Odd, try again on screenshot

Richard_Nutman · ‎01-08-2014

Hi,

I'm using Vtune to annalyse some AVX image processing routines I'm doing. I'm compiling with Visual Studio Pro 2012, and using the latest Vtune in 64bit C++ mode.

I have symbols turned on in my release mode, so I can see the functions in the Functions Grouping page just fine. But when I drill down into my function, most of the blocks in timings pane are empty except at the end of the loop where it increments some pointers.

For example.

For(some loop conditions)

{

Lots of AVX stuff

more AVX stuff

increment pointers <- Only timing blocks mentioned for this, which covers everything above.

}

I'm only getting CPU_CLK_UNHALTED_.THREAD timings next to the end of the loop pointer increments. Its as if it cant work out what source code maps to what assembly functions, which I find odd, as the AVX intrinsics map pretty much 1:1.

Is there anyway to improve this, other than looking at the assembler pane ?

thanks,

Richard.

Bernard · ‎01-08-2014

Can post the screenshot of VTune analysis?

Richard_Nutman · ‎01-08-2014

Sure, heres a screenshot. If I scroll up theres like 3 or 4 screens worth of code with nothing next to it in the timing results.

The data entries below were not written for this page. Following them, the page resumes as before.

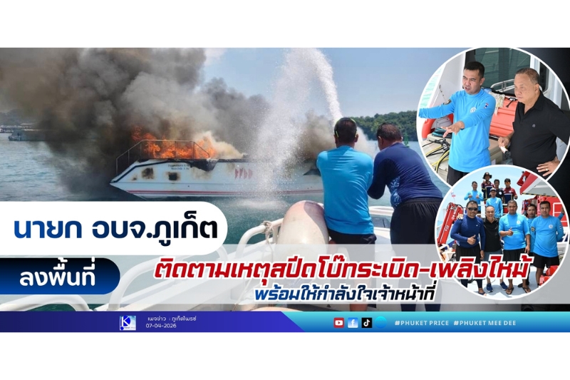 นายก อบจ.ภูเก็ต ลงพื้นที่ติดตามเหตุสปีดโบ๊ทระเบิด-เพลิงไหม้ พร้อมให้กำลังใจเจ้าหน้าที่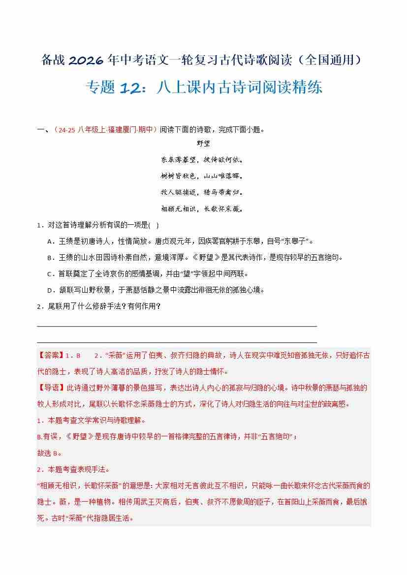 专题15:八下课内文言文阅读精练(练习)原卷版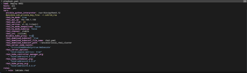 • Déploiement du service rke2 par playbook ansible et un fichier d’inventaire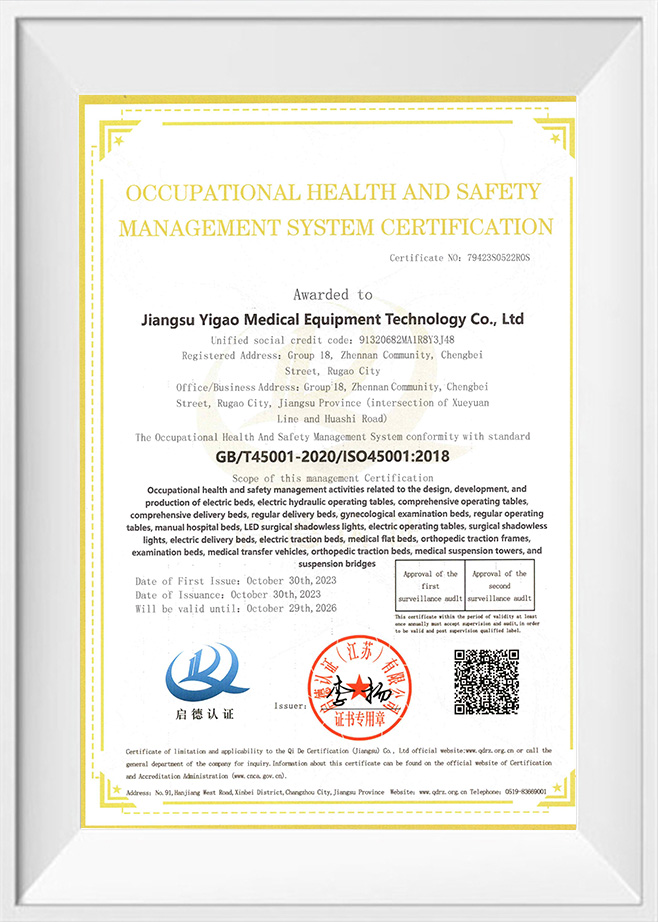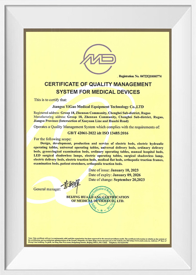 Registračný certifikát chirurgickej lampy bez tieňa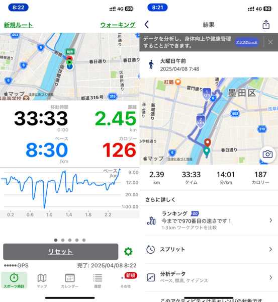 体調管理と家族との朝の時間の関係でウォーキングを短縮バージョンにした為です。

While I'm here, I've also noticed alot of the bars in the assembler pane seems to be way off as well, in terms of location to the offending asm instructions.

For example, in the summary it mentions Loads blocked by store forwarding issues, and 4K aliasing issues. However when I look at the assembler pane where it's showing these, its on register only assembler instructions which makes no sense. I'm wondering if its an Update 13 thing, as I'm sure Update 12 used to be more accurate regarding this kind of stuff.

Bernard · ‎01-08-2014

It seems that pointer arithmetics is only measured.I cannot understand why intrinsic functions calls are not profiled.

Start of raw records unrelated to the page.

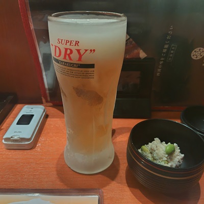 本日の早朝ウオーキングは名古屋駅方面へ。朝からお人がうじゃうじゃですね。モーニング小休止を駅構内の「驛釜きしめん」さんでいただきましょう。水分補給の瓶ビールから。アサヒのスーパードライです。美味しいですね。冷やし山かけきしめんをお願いしました。おねぎや海苔もたっぷりでうれしいですね。ビールがすすむくんです。つるつるのきしめんも美味しくいただきました。さて、ウオーキングの続きをしましょう。どうもごちそうさまでした。「驛釜きしめん 中央通り(えきかまきしめん)」愛知県名古屋市中村区名駅1-1-4 名古屋駅構内 中央通り07:00 - 22:00驛釜きしめん 中央通り (麺類 / 名古屋駅、名鉄名古屋駅、近鉄名古屋駅) 昼総合点★★★☆☆ 3.0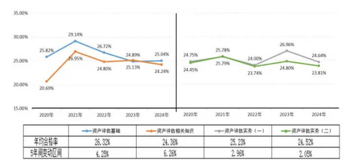 2024年資產評估師考試4個科目平均合格率為24.43%,比2023年減少1.01%。5年間,《資產評估基礎》《資產評估相關知識》單科合格率呈波動狀態,《資產評估實務(一)》《資產評估實務(二)》單科合格率總體趨于平穩。《資產評估基礎》科目的年均合格率相對最高,為26.32%,《資產評估相關知識》科目的年均合格率相對最低,為24.36%。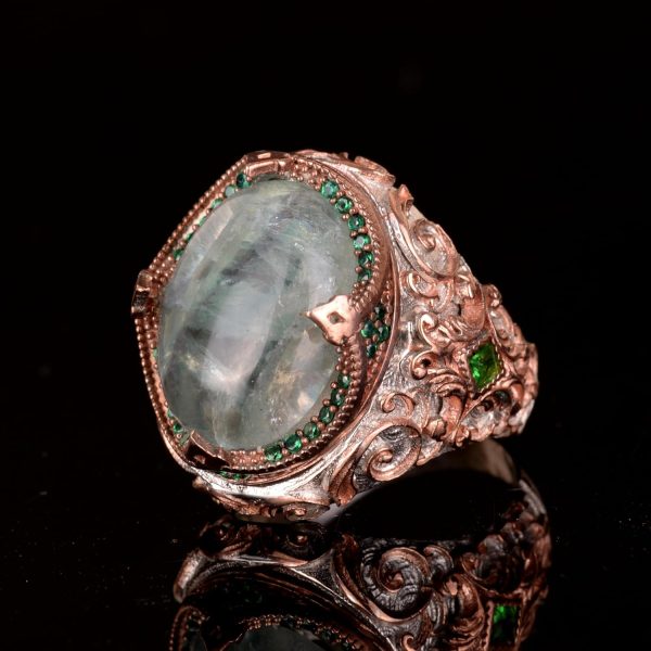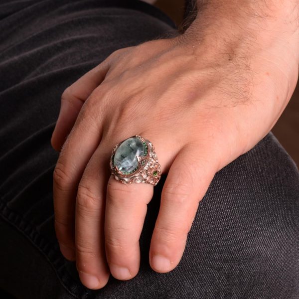 925 Ayar Gümüş erkek yüzüğü etnik tasarım, Eşsiz El Yapımı Gümüş Yüzük, Taş Ağırlığı: 20.56 gr

Regarding "Loads blocked by store forwarding" issue think that your code perform loads hence pointers are incremented.Is your code performing some operation on the same value which is needed in the next iteration?For example:

for(some conditional statement) a[ix] = (double)ix*a[ix];

Richard_Nutman · ‎01-08-2014

Heres a picture of what I mean. As you can see, half the instructions there are register to register, yet they have massive 4K alias, and Loads Blocked bars next to them. How can that possible be ? It looks like its just averaging out those issues over many instructions, no help at all in tracking down where they're coming from.

David_A_Intel1 · ‎01-08-2014

Hi Richard:

I'm sorry, but there was no picture attached to your last post. Can you show us the source view with assembly instructions displayed, as well?

Bernard · ‎01-08-2014

@Richard

There is no any screenshot attached to your last post.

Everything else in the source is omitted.